Crooks use geo-coded files to make messages look legitimate

Jul 14, 2014 15:43 GMT  ·  By

Under the pretense of an urgent court notice from Green Winick lawyers delivered via email, a group of cybercriminals attempt to deceive victims into accessing compromised locations spewing malware designed to add their computers to the ASProx botnet.

ASProx botnet, also known under the name of Kulouz, has been around since 2008 and has the features of a botnet-for-hire, which can be employed for various purposes by the attackers, from spreading phishing to stealing sensitive information from the infected machines.

The botnet is well known in the security industry, and FireEye researchers found in June that it could be used to send a large number of emails, from a few hundred to ten thousands, in a single day. They also observed that an outbreak, which extends over multiple days, would generally spew between 50,000 and 500,000 malicious messages.

According to Gary Warner from Malcovery Security, the latest ASProx campaign involves messages purporting to be court notices sent by a law firm. The subject varies from notifying of a hearing to request for appearance, but they all contain a link to a malicious online location.

The security researcher says that in a period of three days as many as 88 compromised addresses were used in the spam campaign.
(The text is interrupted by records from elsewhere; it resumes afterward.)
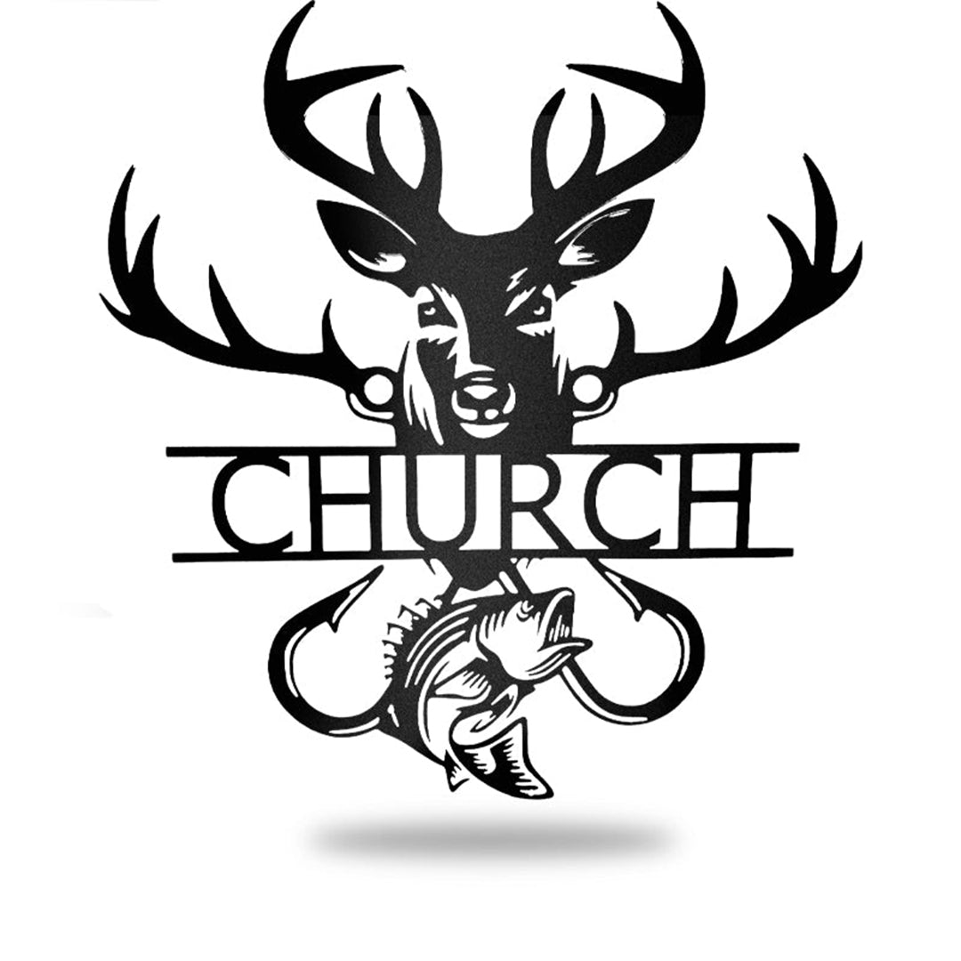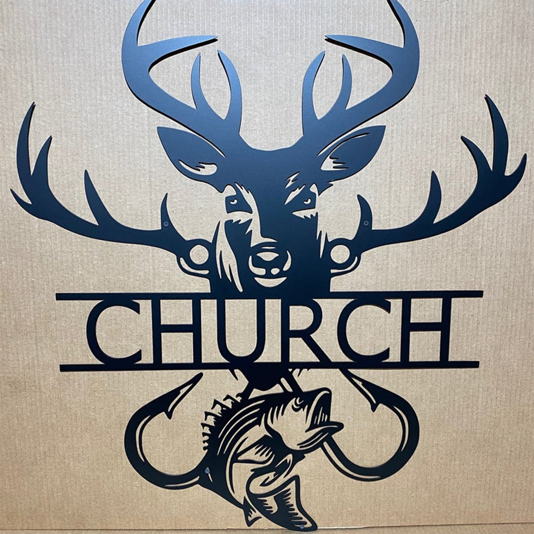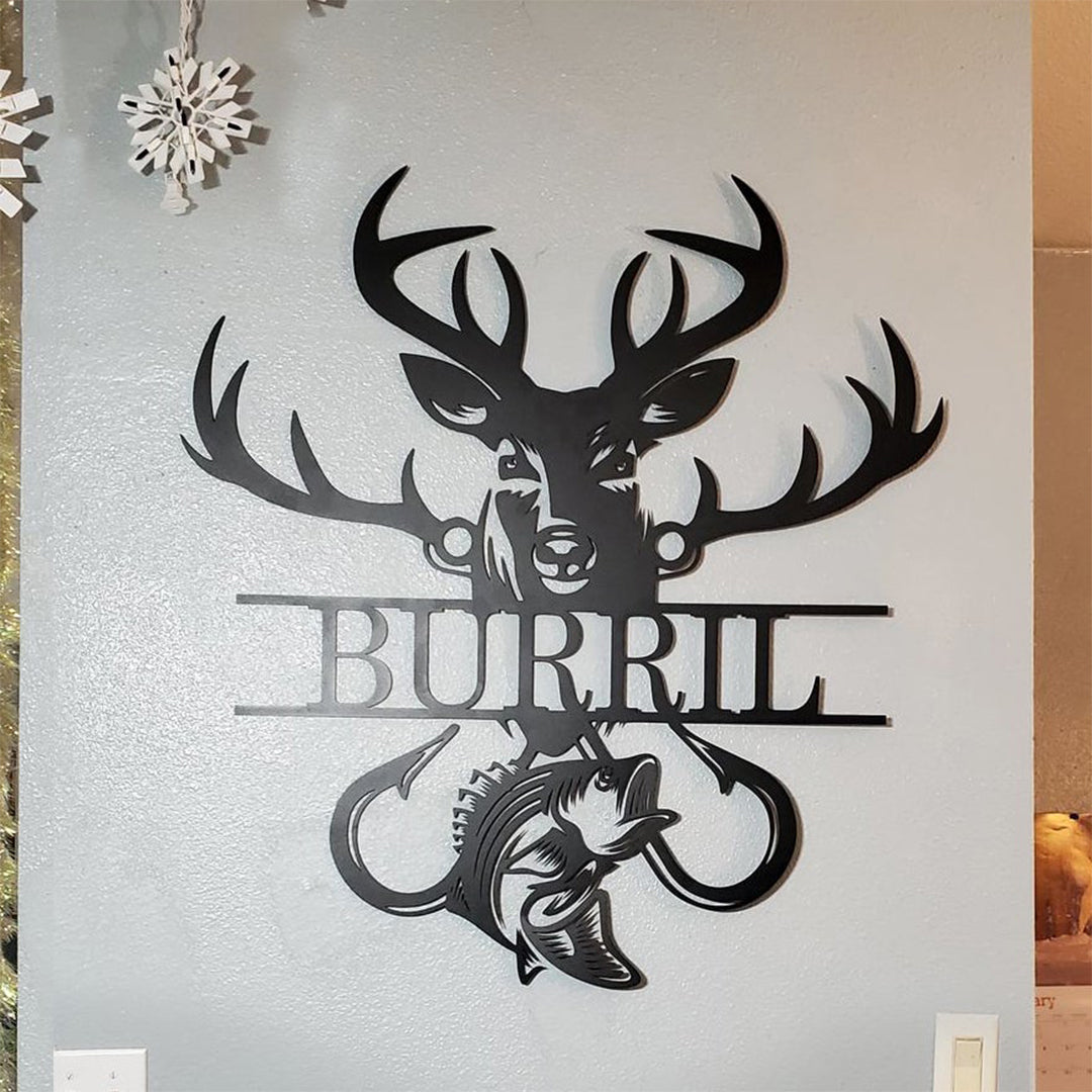 Deer Hunting Fish Hook Custom Name Personalized Metal Hunting Sign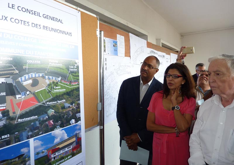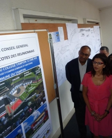 Vingt mois de travaux sont prévus pour construire ce collège de 900 places. "Ce n'est pas un événement banal", a assuré Nassimah Dindar pour qui veut ainsi offrir de meilleures chances de réussite aux élèves réunionnais. L'objectif du Département avec ce nouveau projet est de désengorger les cinq collèges qui existent déjà dans cette commune du Sud.Les établissements en service dans les quartiers de Terrain Fleury, de Trois Mares, La Chatoire, du 14e et de la Plaine des Cafres accueillent déjà "plus de 5 000 collégiens" a également rappelé la conseillère générale Nathalie Bassire qui représentait le maire du Tampon Paulet Payet. La commune a mis à disposition le foncier d'une valeur de 1,3 million d'euros et le coût de l'opération avoisine les 20 millions d'euros pour le Département.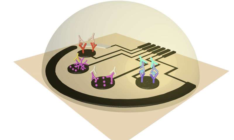 傳感器的早期版本中已浸漬了與壓力有關(guān)的皮質(zhì)醇激素抗體和高濃度引起痛風(fēng)的尿酸。Gao將該傳感器命名為SARS-CoV-2 RapidPlex,它包含抗體和蛋白質(zhì),可以檢測(cè)病毒本身的存在。人體產(chǎn)生的抗病毒抗體;和炎癥的化學(xué)標(biāo)志物,表明COVID-19感染的嚴(yán)重程度。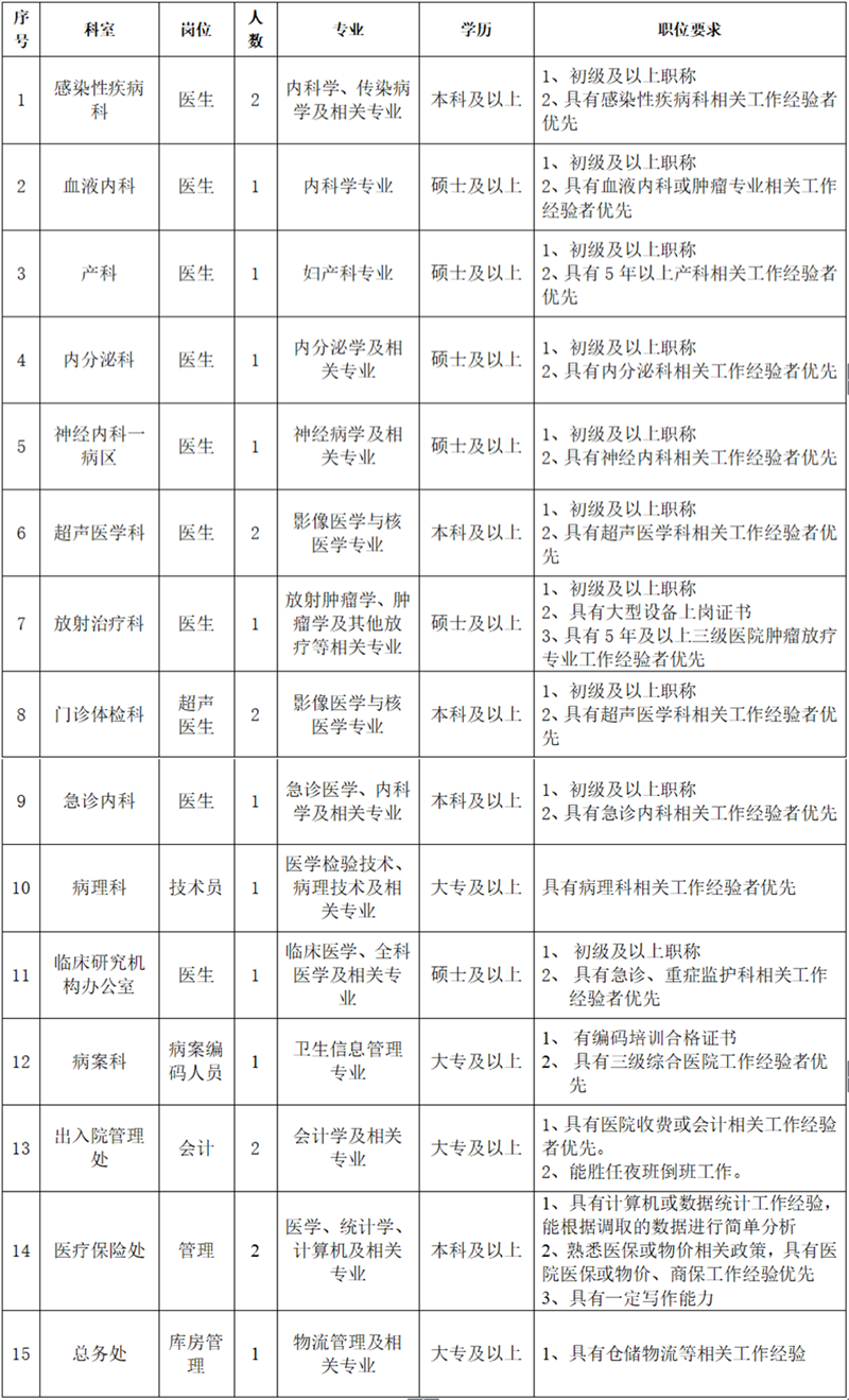 有意者請(qǐng)將個(gè)人簡(jiǎn)歷、職(執(zhí))業(yè)證書(shū)、學(xué)歷證書(shū)等相關(guān)材料掃描件發(fā)郵件至。郵件主題:應(yīng)聘科室+姓名+崗位。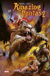 In der Miniserie „Amazing Fantasy“ landen Captain America, Spider-Man und Black Widow in einer wilden Fantasy Welt voll mit alten Bekannten. Doch das Hauptaugenmerk gilt dabei natürlich dieser Fantasy Welt. Hier gibt es nicht nur die geflügelten Löwen wie auf dem Cover zu sehen. Sondern auch Zentauren, Orks, Froschmenschen und Drachen.

However, “it is likely there are many more,” he says in a blog post.

The websites are not necessarily set up by the cybercriminals, as most of them appear to belong to legitimate businesses; they may have been compromised through SQL injection techniques, which is specific to this group of attackers.

It appears that placing a web link in the body of the message ensures a higher rate of success than delivering the malware as an attachment, especially when the URL is unique for each recipient.

“That is what is happening in this case, and what always happens in these ASProx / Kuluoz spam campaigns. An encoded pseudo-directory is used in the path portion of the URL, which is combined with rotating through hundreds of 'pre-compromised' websites to host their malicious content,” writes Warner.

When the potential victim lands on the infected page, a geographically-coded archive is downloaded; inside the compressed item there is a malicious executable file. A geo-coded file contains in the name the ZIP code for the area where the potential victim resides, which makes the attack more efficient.

The executable looks like a Microsoft Word document and the detection rate on VirusTotal seems to be quite low, only seven antivirus engines being able to identify it as malicious.